Развеселившись этой мысли, Уильям улыбнулся и ответил на звонок. Руководство Моники, удивительно бодрой в начале третьего ночи, если судить по голосу, было быстрым и кратким: через пятнадцать минут Блейк должен быть на закрытой вечеринке в роли репортера.
— Успеешь, сладкий? — томно протянула Бейли.
— Сделаю все, что в моих силах, — рассмеялся Уильям и нажал кнопку завершения звонка.
Так планы Уильяма неожданно поменялись. В начале, только узнав о том, что он должен быть на вечеринке, андроид закипел от раздражения. Но быстро сумел остановить себя: Блейка, как и прежде, продолжала греть мысль о том, что дома его ждет Ава Полгар. Улыбнувшись этому напоминанию, он затормозил перед входом в ночной клуб, в который ему, — голосом Моники, —было приказано явиться в ближайшую четверть часа.
У андроида еще мелькнул вопрос о том, а не эгоизм ли это — его личная и столь большая, — если не сказать громадная, — сосредоточенность на отношениях и мисс Полгар, но... «даже если это и так, то что? Неужели это — проблема?».
Поправив волосы, Уильям вытянулся из машины, — вверх, в ночное и темное, удивительно звездное небо, и напомнил себе о том, что и до любви с Авой Полгар он всегда был (да таким и остался) в глазах человеческого социума эгоцентристом.
«Нет, больше. Индивидуалистом. Эгоцентрик не признает иной точки зрения, кроме собственной. И он не способен к сочувствию, не способен поставить себя на место иного человека. А индивидуалист? — Блейк усмехнулся. — Он может участвовать в социальных группах и даже организациях, но при случае всегда выберет свои собственные интересы...».

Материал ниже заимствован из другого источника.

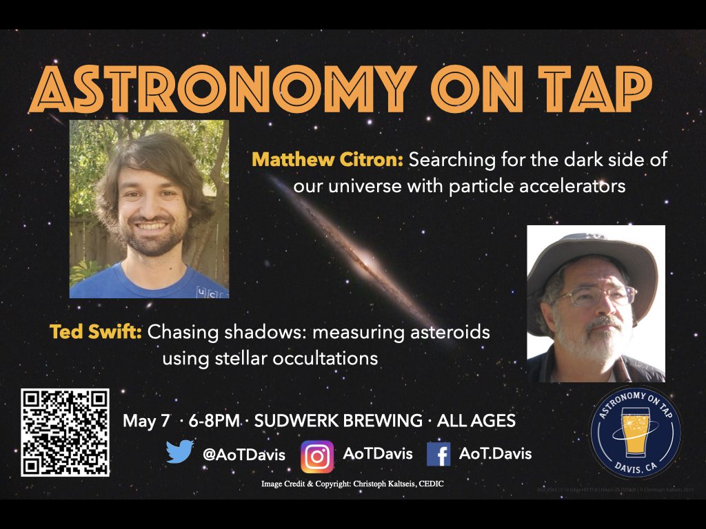 SUDWERK BREWING CO. Matthew Citron will talk about “Searching for the dark side of our universe with particle accelerators” and Ted Swift will speak about “Chasing shadows: measuring asteroids using stellar occultations.” As always we will also have astronomy in the news, trivia, and a raffle. Free and open to all ages. 6p—8p. Free
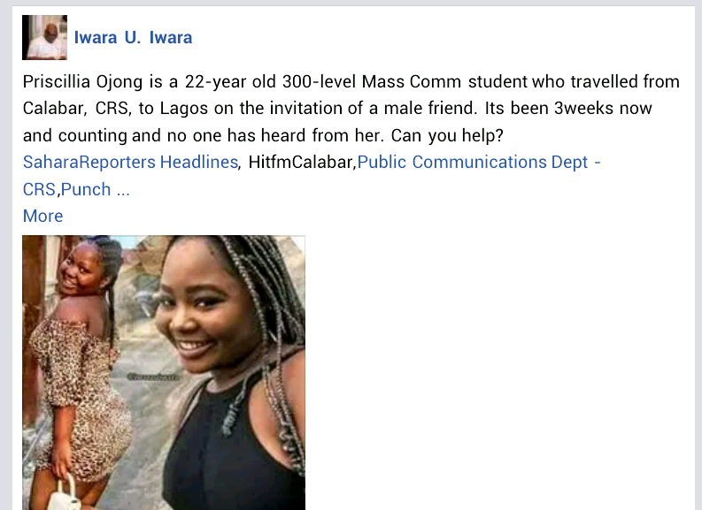 Priscilla Ojong, a 22-year old Mass Communication student of the Cross River University of Technology, has been declared missing.

«Индивидуалист отличается большим стремлением к автономности. Он способен успешно действовать самостоятельно. Часто — на свой страх и риск», — отвечая мысли андроида, добавила его операционка, и вывела текстовое сообщение на экран, доступный только Блейку.
— Спасибо. Ты очень предупредительна, — иронично, но вполне миролюбиво заметил Уильям ОС, проверяя фотоаппарат и диктофон.
Все работало идеально. Новоиспеченый репортер Уильям Блейк мог смело приступать к исполнению своих обязанностей.
«Ты не стал хуже с момента отношений с Авой. Ты только... начал меняться. По-моему, — в лучшую, мягкую сторону», — поделилась своими соображениями операционная система, обрадованная вниманием Блейка.
— Мне наплевать. Хуже я стал или нет. В морально-этическом, социальном или каком другом аспекте человеческого социума, — горячо и с долей высокомерия оборвал ее Блейк. — Я хочу счастья. С Авой Полгар. И это — все. И если для этого нужно еще что-то сделать или за кем-то присмотреть, я сделаю это. Сделаю все, что нужно. И мне неважно, какой я теперь: мягкий, мирный или какой-то еще. Единственное, что теперь имеет значение — наш мир с Авой Полгар. На мнения всех других...
«Знаю-знаю, тебе наплевать, — закончила за Уильяма ОС. — Но ты же способен работать в команде. С Келсом, например. Или с Риз. А «присмотреть»... это об Аллесе, да?».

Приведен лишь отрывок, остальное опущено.